Малта вздохнула полной грудью. Вытянула перед собой руки и, смело ступая, вернулась к бревну. Когда ее ладони легли на твердое дерево, она склонила голову и проговорила:
– Расскажи, как освободить тебя.
Драконица заговорила тотчас же, быстро, нетерпеливо:
В южной стене есть громадная дверь… Старшие создавали произведения искусства в этом чертоге. Они ваяли из камня памяти живые скульптуры моих родичей. Старцы работали над ними здесь, куда не достигали ни ветер, ни дождь… Потом они умирали, и их жизни ненадолго вселялись в эти скульптуры. Тогда двери распахивались, скульптуры выходили на солнечный свет и взлетали над городом. Их мнимая жизнь длилась недолго, она вскоре угасала – и с нею воспоминания. Этими статуями наполнено целое кладбище там, в горах. Для Старших это был вид искусства. Нас же забавляли наши каменные подобия, поэтому мы их терпели…
– Для меня все это мало что значит, – сказала Малта. Ноги у нее от холода грозили уже отняться до самых колен. И она бесконечно устала от разговоров. Надо уже сделать то, что должно быть сделано, и покончить с этим…
В стене есть плиты, скрывающие рычаги и ручки, отпирающие громадную дверь. Найди их и используй. Когда завтрашний рассвет коснется моей колыбели – я буду свободна!
Малта нахмурилась.
– Но если это так просто, – сказала она, – почему Рэйн тебя не освободил?
Он хотел. Но боялся. Самцы!… Какие они все-таки робкие!… Только и способны думать, что о размножении и еде. Но мы с тобой, две юные королевы, мы-то знаем, сколько иных возможностей есть в этом мире! Самкам следует быть безжалостными, дабы ограждать потомство и продолжать свой род… Мы рискуем и побеждаем, пока самцы трепещут по темным углам и со страхом ждут смерти. Но мы с тобой знаем: единственное, чего стоит бояться, – это смерти своего племени…
Странно отдались в душе Малты эти слова… «Почти правда», – сказала она себе. Вот бы еще вычленить ту часть, что не была правдой.

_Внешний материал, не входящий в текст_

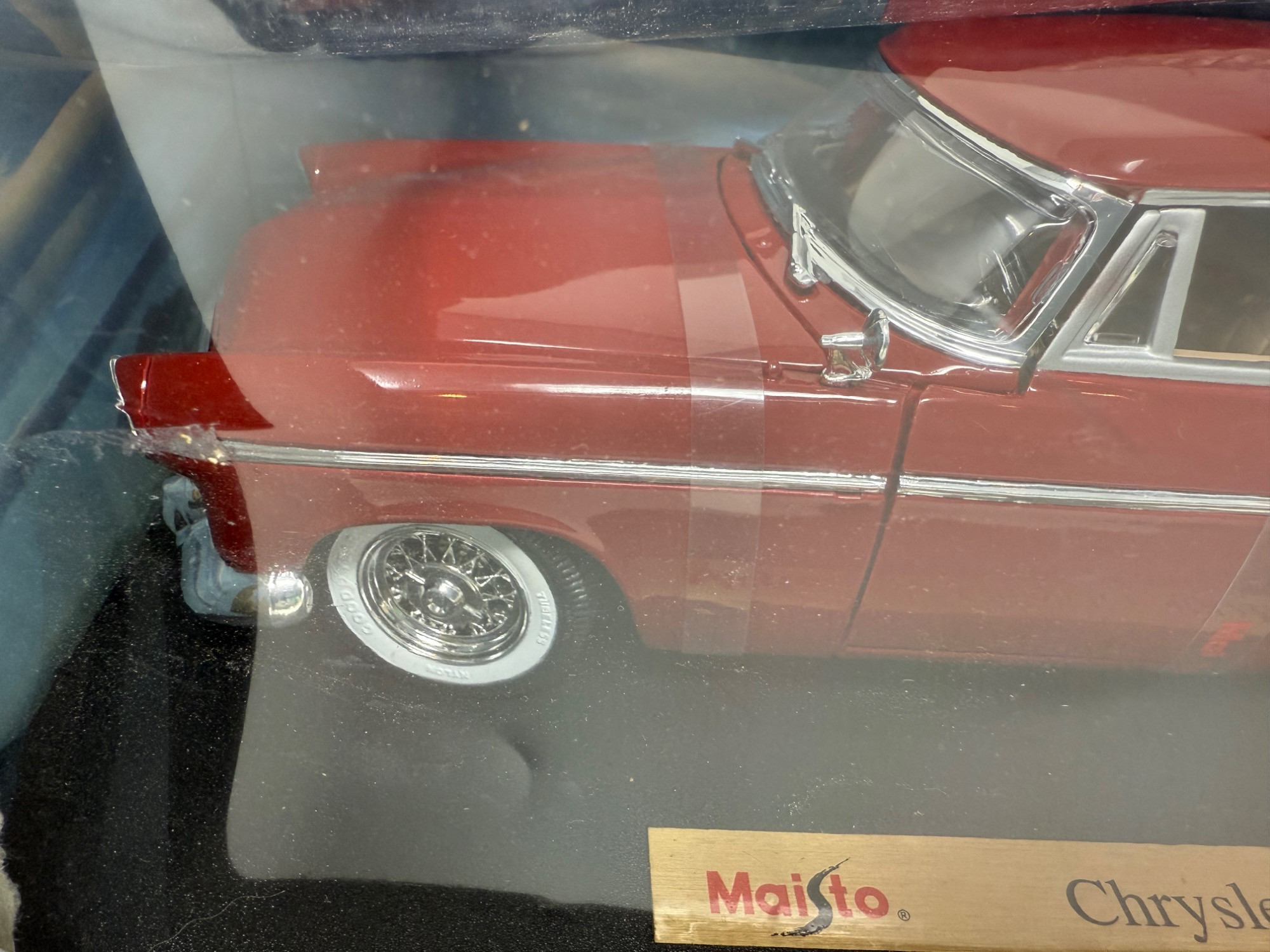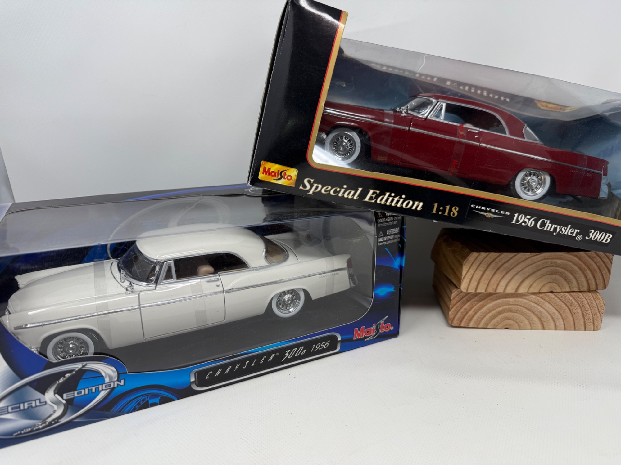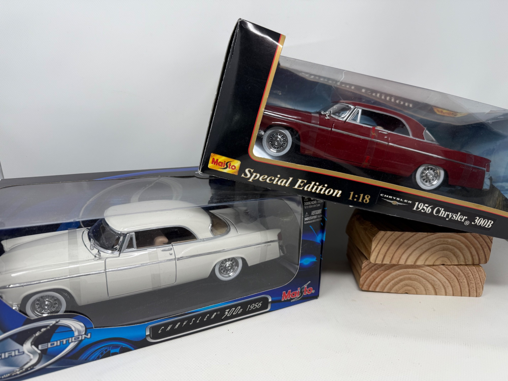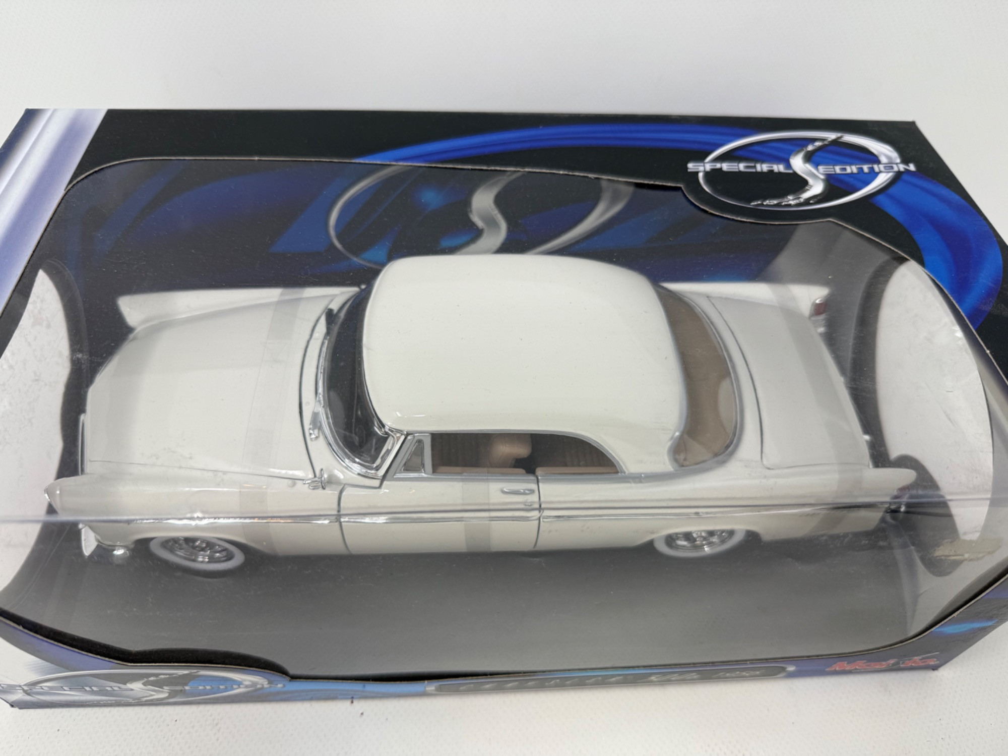 NIB model cars. 1:18 scale Die cast cars 1956 Chrysler 300B in white and crimson

– Где плиты с рычажками? – устало спросила она. – Давай я найду их и нажму что нужно.
Я не знаю, где они, – созналась драконица. – Я никогда не была в этом чертоге. То, что мне известно, пришло из жизней других. Тебе придется искать…
– Как?
Ты должна узнать от тех, кто сам знал. Подойди сюда и сними все заслоны, Малта Вестрит. Я открою тебе память города, и ты узнаешь все…
– Память города?…-переспросила Малта в недоумении.
Такова была их причуда – укрыть свою память в каменных костях этого города. Ты и подобные тебе иногда прикасаетесь к ней, но не можете вызывать ее по своему произволу. Я помогу тебе, только позволь…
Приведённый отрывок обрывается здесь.